The Fiscal Year 2021 Consolidated Appropriations Act provides the Department of Homeland Security (DHS) with the authority to lift the existing statutory cap of 66,000 annual H-2B visas.  We urge DHS to promptly make available the maximum number of additional Congressionally-authorized H-2B visas while balancing safety to meet the labor needs of seafood processors in our states.

On February 24, 2021, U.S. Citizenship and Immigration Services (USCIS) announced that it had received enough petitions to meet the H-2B cap for the second half of FY 2021.  February 12, 2021 was the final receipt date for new cap-subject H-2B worker petitions requesting an employment start date before October 1, 2021. 

Unfortunately, many small, family-owned businesses in our states were unable to obtain H-2B visas before the cap was met last week.  Without these additional visas, our states’ treasured seafood industries, which are crucial to the economies of the Northern Neck and Eastern Shore, will be forced to scale back operations, default on contracts, lay off full-time American workers or, in some cases, close operations completely. 

Despite good faith efforts to find local seasonal workers, our seafood industries rely on H-2B workers for tough jobs such as shucking oysters and processing crabs.  Seafood processors have used the seasonal H-2B visa program to supplement their U.S. workforce for decades and have not grown significantly in the numerical requests for visas over time.
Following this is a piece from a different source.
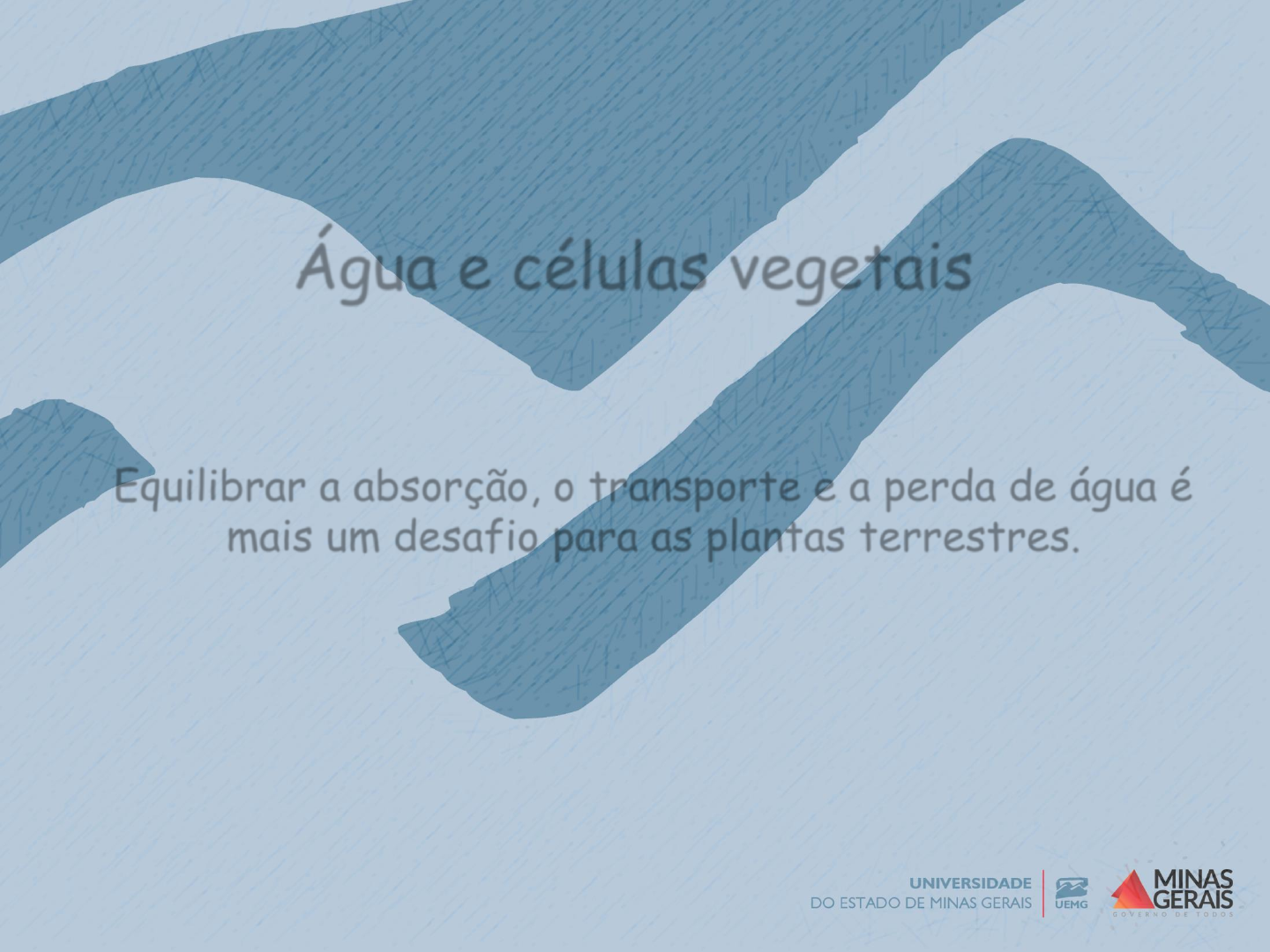<p>Água e células vegetais</p><p>5º período – Licenciatura em Ciências Biológicas</p><p>Profª Reisila Migliorini Mendes</p><p>Equilibrar a absorção, o transporte e a perda de água é</p><p>mais um desafio para as plantas terrestres.</p><p>É o ramo da botânica que estuda os processos e as funções do</p><p>vegetal, bem como as respostas das plantas às variações do meio</p><p>ambiente.</p><p>Processo: é qualquer sequência natural e contínua de acontecimentos</p><p>que possa ser observada nas plantas.</p><p>Função: é a atividade natural de uma parte qualquer do vegetal, isto é,</p><p>o papel desempenhado por um órgão, tecido, célula, organela ou</p><p>constituinte químico da planta.</p><p>Fisiologia Vegetal</p><p>Recurso mais abundante e mais limitante para o</p><p>desenvolvimento e sobrevivência das plantas</p><p>Estrutura da água e propriedades exclusivas</p><p>decorrentes dessa estrutura</p><p>Molécula polar Ligação de hidrogênio (4)</p><p>Propriedades decorrentes da ...</p><p>Polaridade: Adesão, Capilaridade, Alto poder de dissolução</p><p>Ligações de hidrogênio: Coesão, Alto calor específico, Alto calor</p><p>de vaporização, tensão superficial</p><p>../../../../../Videos/Untitled Video.mp4</p><p>A água desempenha papel-chave na fisiologia vegetal</p><p>Funções nos seres vivos ...</p><p>Reações químicas</p><p>Pelo alto calor específico Equilíbrio térmico</p><p>Pelo alto calor de vaporização: Auxilia na diminuição da temperatura do corpo</p><p>da planta</p><p>Pela capilaridade Transporta seiva bruta</p><p>Pelo alto poder de dissolução</p><p>Transporte de substâncias</p><p>Favorece a ocorrência</p><p>Reagente ou produto</p><p>Impede variações bruscas</p><p>Temperatura adequada</p><p>para reações</p><p>Tensão superficial</p><p>Energia necessária para aumentar a área de superfície de interface gás-líquido.</p><p>Adesão + Coesão + tensão superficial = Capilaridade</p><p>A célula vegetal</p><p>Distribuição da água nas</p><p>células vegetais:</p><p>- Parede celular: 50%</p><p>- Protoplasto: 95%</p><p>- Vacúolo: 98%</p><p>A célula vegetal</p><p>Água para transporte:</p><p>• Citoplasma</p><p>• Retículo endoplasmático</p><p>• Complexo de Golgi</p><p>• Vacúolo de suco celular</p><p>• Carioplasma</p><p>• ...</p><p>Água para reação químicas:</p><p>• Citoplasma</p><p>• Núcleo</p><p>• Mitocôndria</p><p>• Cloroplastos</p><p>• Complexo de Golgi</p><p>• Glioxissomo</p><p>• ...</p><p>Desafio:</p><p>O teor de água nas mitocôndrias é cerca de 60% maior que nos vacúolos, porém o</p><p>vacúolo é muito mais fluído que a mitocôndria. Você sabe explicar por quê?</p><p>Pressão de turgor</p><p>Parede celular</p><p>Pressão</p><p>hidrostática</p><p>interna</p><p>Expansão celular</p><p>Abertura estomática</p><p>Transporte no floema</p><p>Rigidez e estabilidade dos</p><p>tecidos sem lignina</p><p>Fotossíntese x Transpiração</p><p>1 molécula de CO2</p><p>400 moléculas de H2O</p><p>O gradiente motor da perda de água nas folhas é muito maior que a</p><p>absorção de CO2.</p><p>Difusão e Osmose</p><p>Os processos celulares dependem do transporte de moléculas para dentro e para fora da célula.</p><p>Difusão</p><p>Movimento espontâneo de</p><p>substâncias de regiões de</p><p>concentração mais alta para regiões</p><p>de concentração mais baixa.</p><p>Osmose</p><p>Movimento de difusão de água por</p><p>meio de uma barreira seletivamente</p><p>permeável.</p><p>Concentração uniforme de moléculas = entropia energia livre</p><p>Difusão</p><p>Osmose</p><p>Aquaporinas</p><p>São proteínas da membrana plasmática que formam canais seletivos à água através da membrana e facilitam o movimento da água</p><p>para dentro das células vegetais.</p><p>Forças de embebição</p><p>Quebra da</p><p>dormência</p><p>fisiológica</p><p>Reativação de</p><p>organelas e</p><p>quebra</p><p>macromoléculas</p><p>preexistentes</p><p>Retomada do</p><p>crescimento</p><p>do embrião</p><p>Desidratação</p><p>para abertura</p><p>das valvas</p><p>Reidratação para</p><p>início do processo de</p><p>decomposição</p><p>É um tipo especial de difusão em que o movimento da água acorre a favor</p><p>do gradiente de potencial hídrico. Entretanto, as forças responsáveis</p><p>pela retenção da água pelas macromoléculas são microcapilares e</p><p>superfícies - ligações de hidrogênio e forças eletrostáticas.</p><p>Forças de embebição</p><p>É resultante da atração eletrostática entre moléculas de água e as</p><p>superfícies dos coloides - Adsorção</p><p>Consumo de água no</p><p>ciclo de vida da planta</p><p>Potencial hídrico</p><p>É a medida de energia livre da água por unidade de volume (Pascal). Governa o transporte através de membranas, o continnum solo-</p><p>planta-atmosfera e é utilizado como medida de saúde da planta</p><p>Fatores que contribuem para o potencial hídrico celular</p><p>• Concentração - s (potencial osmótico)</p><p>Acúmulo de soluto no citoplasma ou vacúolo</p><p>• Pressão -p (potencial hidrostático)</p><p>Força que a parede celular exerce sobre a membrana, quando a célula está túrgida.</p><p>• Gravidade - g s + p + g =</p><p>A água move-se da região de maior potencial (maior energia livre)</p><p>para a região de menor potencial (menor energia livre).</p><p>O que determina o deslocamento da água na planta é o</p><p>gradiente de potencial hídrico...</p><p>Célula A: -0,4 + 0,1 = -0,3</p><p>Célula B: -0,7 + 0,5 = -0,2</p><p>ΨB > ΨA, logo a direção da água é da célula B para a célula A</p><p>A água limita a produtividade tanto de ecossistemas</p><p>agrícolas quanto de ecossistemas naturais.</p><p>Produtividade de vários ecossistemas naturais</p><p>em função da precipitação anual, estimada</p><p>pelo acúmulo líquido de matéria orgânica</p><p>acima do solo durante o crescimento e a</p><p>reprodução. (

The April 1 seasonal start date is just weeks away and the seafood processors in our will not be able to operate without their seasonal workforce.
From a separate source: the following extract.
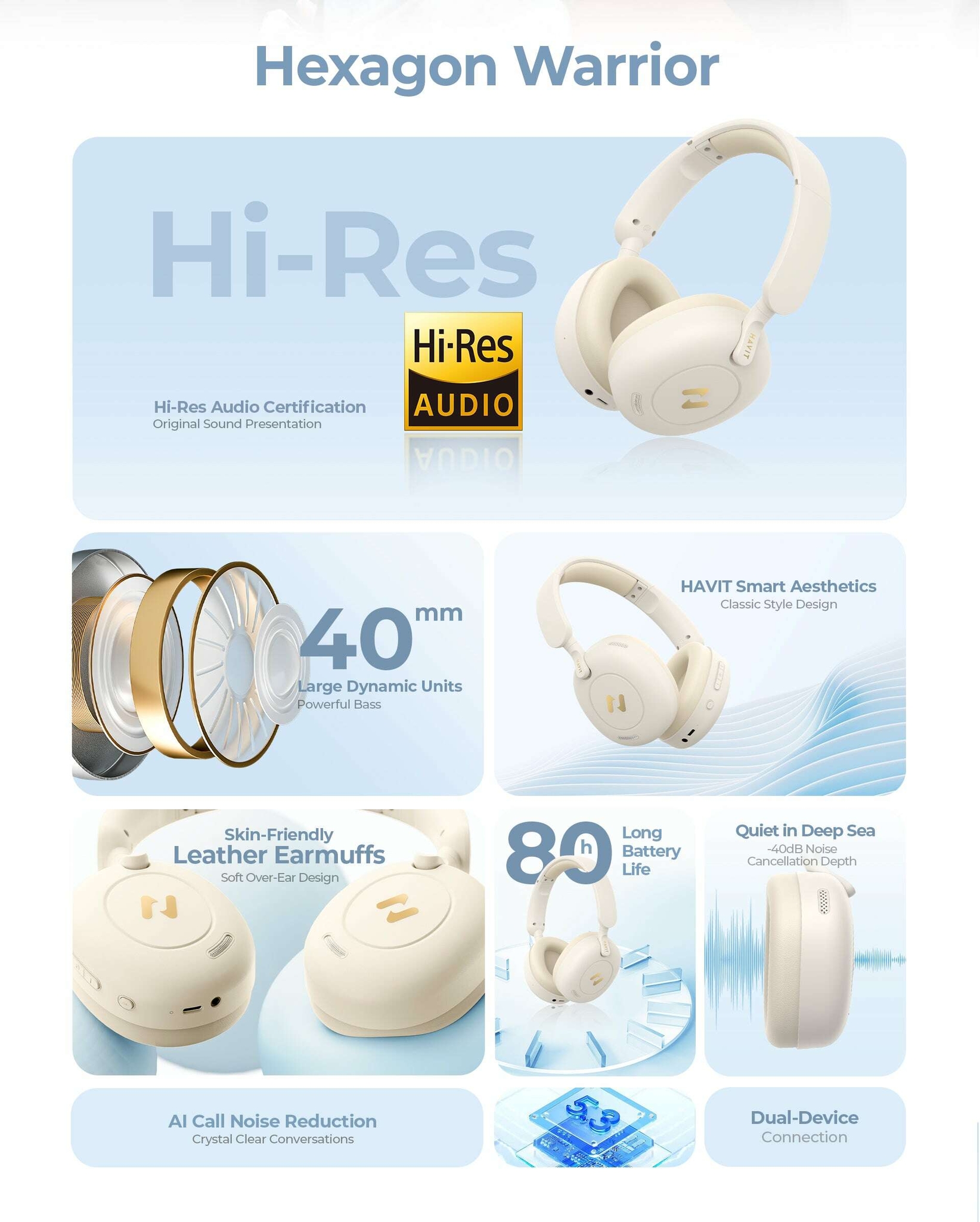 Headphone Dimension: 195*173*82mmHeadphone Net Weight: 253gUSB Port: Type-CHeadphones Battery: 700mAhCharging Time: 2.5hInput Voltage/Current: DC 5V/1APlay Time: 80h (60% vol., ANC off), 48h (60% vol., ANC on)Wireless Version: V5.3Wireless Working Range: 10m (without obstacles)Speaker Size: 40mmSpeaker Frequency: 20Hz~40kHz

Additionally, we have also received reports that USCIS has decided to use ‘receipt by’  instead of ‘mailed by’ dates to reject otherwise timely applications. A number of our constituents mailed their applications before the deadline but due to inclement weather on the East Coast their applications were delivered after the cap was met. For example, USCIS Forms I-129, Petition for Nonimmigrant Workers overnighted on February 11, 2021 were not delivered until several days later due to winter storms. Among the employers affected are several seafood companies on Maryland’s Eastern Shore and the Northern Neck of Virginia. Employers elsewhere in the country using the same shipping methods had their applications receipted before the cap simply due to their geographic location. We ask that you reconsider these decisions and allow these applications to proceed.

We thank you in advance for your prompt attention to this matter; the viability of many seasonal businesses in our states depend on the H-2B program.